A novel somatic mutation in POLE exonuclease domain associated with ultra-mutational signature and MMR deficiency in endometrial cancer: a case report

Background

Defect in proofreading exonuclease activity of polymerases epsilon and delta (Pols ε and δ) leads to mutagenesis and genomic instability and has been described in several cancer types. Somatic POLE exonuclease domain mutations (EDMs) have been reported in 7–12% endometrial cancers (ECs) and defined a subgroup of endometrial cancers with ultrahigh somatic mutation frequencies, high tumor infiltrated lymphocytes and favorable outcomes.

Case presentation

Herein, we presented a novel somatic mutation in POLE exonuclease domain associated with ultra-mutational signature and MMR deficiency in endometrial cancer. A novel POLE EDM (p.T278K) was found by a 11-gene NGS panel. The MSS status detected by the MSI test was inconsistent with the dMMR status by IHC. The loss of MSH6 expression in the tumor could be interpreted by the two nonsense mutations (p.E1234* and p.E1322*) of the MSH6 gene which may lead to truncated proteins. The T278K mutation was pathogenic identified by a 602-gene NGS panel with 27.3% of C > A substitution, 0.6% of indels, 0.6% of C > G substitution and a high TMB of 203.8 mut/Mb.

Conclusions

We report an endometrial cancer patient harbored a novel somatic POLE T278K mutation. This mutation was a novel pathogenic POLE EDM should be considered as “POLE (ultramutated)” in clinical practice for the molecular classification of EC.

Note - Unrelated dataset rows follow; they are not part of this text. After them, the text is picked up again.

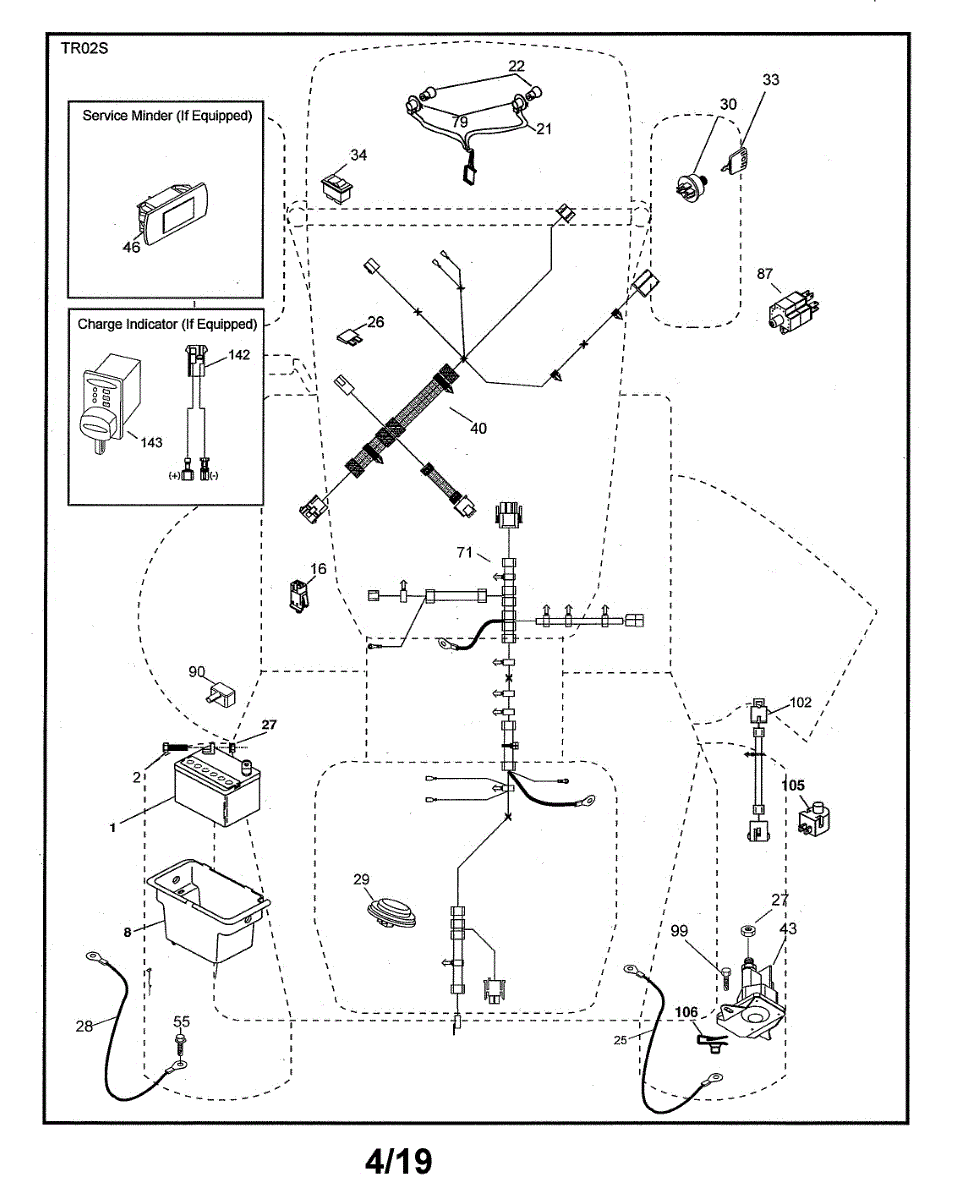 Wire harness assembly for riding mowers and lawn tractors. Transmits electrical currents throughout the machine. Replace if wires are frayed or damaged.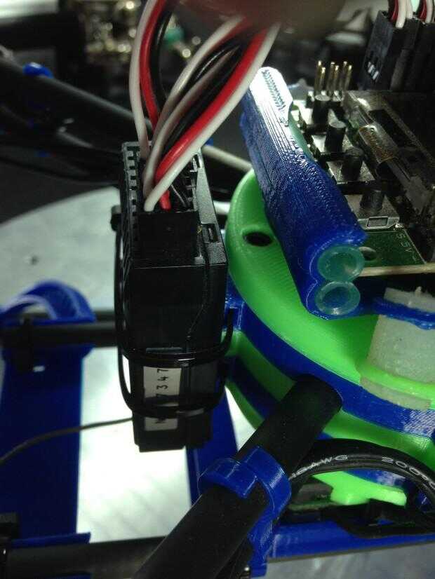 Pase los cables de control de salida a través del centro del soporte del controlador de vuelo y a la derecha, y entonces pueden mover el controlador de vuelo en lugar de la izquierda.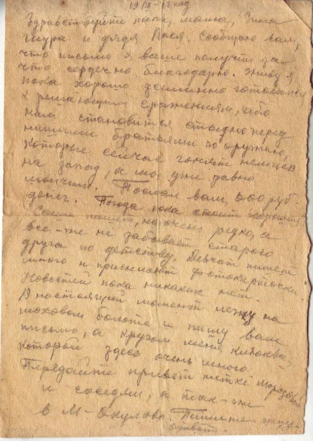 Он прошел большой путь на войне, познал горечь отступления. С фронта дед присылал нежные, трогательные письма – белые треугольнички с указанием № полевой почты. Он писал, что они изо всех сил бьют фрица, что пуля - дура его не берет… Она настигнет его позже. Наша Армия освобождала город за городом, область за областью, каждый метр земли, политой кровью. Погиб и мой дед, освобождая село Красностав, 90 км от города Николаев. Он погиб замполитом в чине капитана.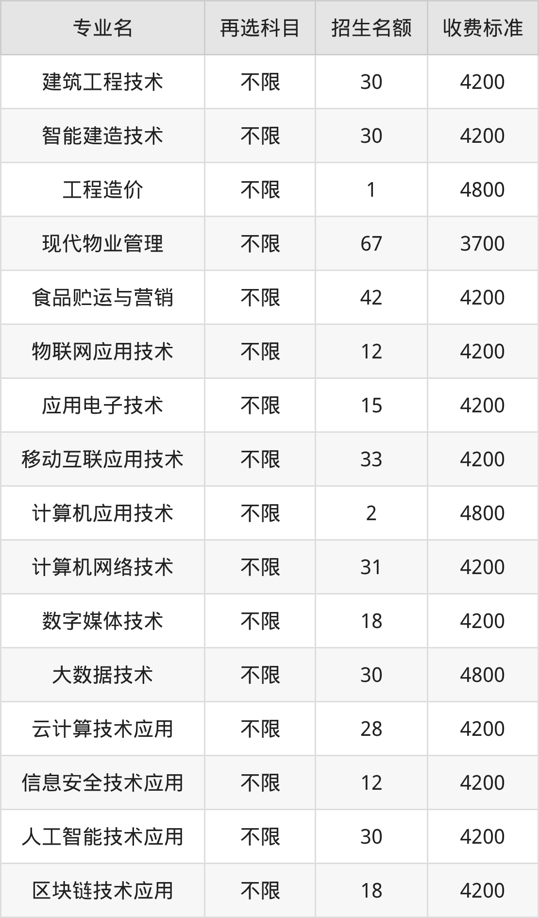 | 高职专科批 | 历史 | 计算机应用技术 | 2 |

Defect in proofreading exonuclease activity of polymerases epsilon and delta (Pols ε and δ) leads to mutagenesis and genomic instability and has been described in several cancer types [1, 2]. Germline mutations in the exonuclease domain of Pol ε (POLE) and δ (POLD1) predispose to colorectal cancer (CRC) and other types of cancer [3, 4]. Somatic POLE exonuclease domain mutations (EDMs) have been reported in 7–12% endometrial cancers (ECs) and 1–2% CRC [3,4,5]. In 2013, the TCGA study identified four molecular subtypes of EC at genomic level using array and sequencing-based data. Among these subtypes, new hotspot mutations in the exonuclease domain of POLE defined a subgroup of endometrial cancers with ultrahigh somatic mutation frequencies, high tumor infiltrated lymphocytes and favorable outcomes [5, 6]. This subgroup, termed “POLE (ultramutated)”, emerged as a new clinical entity consisting about 7% of ECs. P286R and V411L were the most common reported POLE EDMs. However, it is problematic to identify more POLE EDMs due to the small sample size in the TCGA study and the special “ultra-mutational” signature. Previous studies have demonstrated that POLE EDM ECs are characterized by a high prevalence of C > A substitutions, frequently exceeding 20%; a low proportion of small insertion and deletion mutations (indels); and an extremely high tumor mutational burden (TMB > 100 mut/Mb) [7]. Recently, based on these characteristics, León-Castillo et al. established a scoring system which could be used to evaluate the pathogenicity (POLE-score ≥ 4) of a novel POLE mutation. Using this scoring system, P286R, V411L, S297F, A456P, S459F, F367S, L424I, M295R, P436R, M444K and D368Y were identified as pathogenic (ultra-mutational signature) POLE EDMs. Herein, we presented a novel somatic mutation in POLE exonuclease domain associated with ultra-mutational signature and MMR deficiency in endometrial cancer.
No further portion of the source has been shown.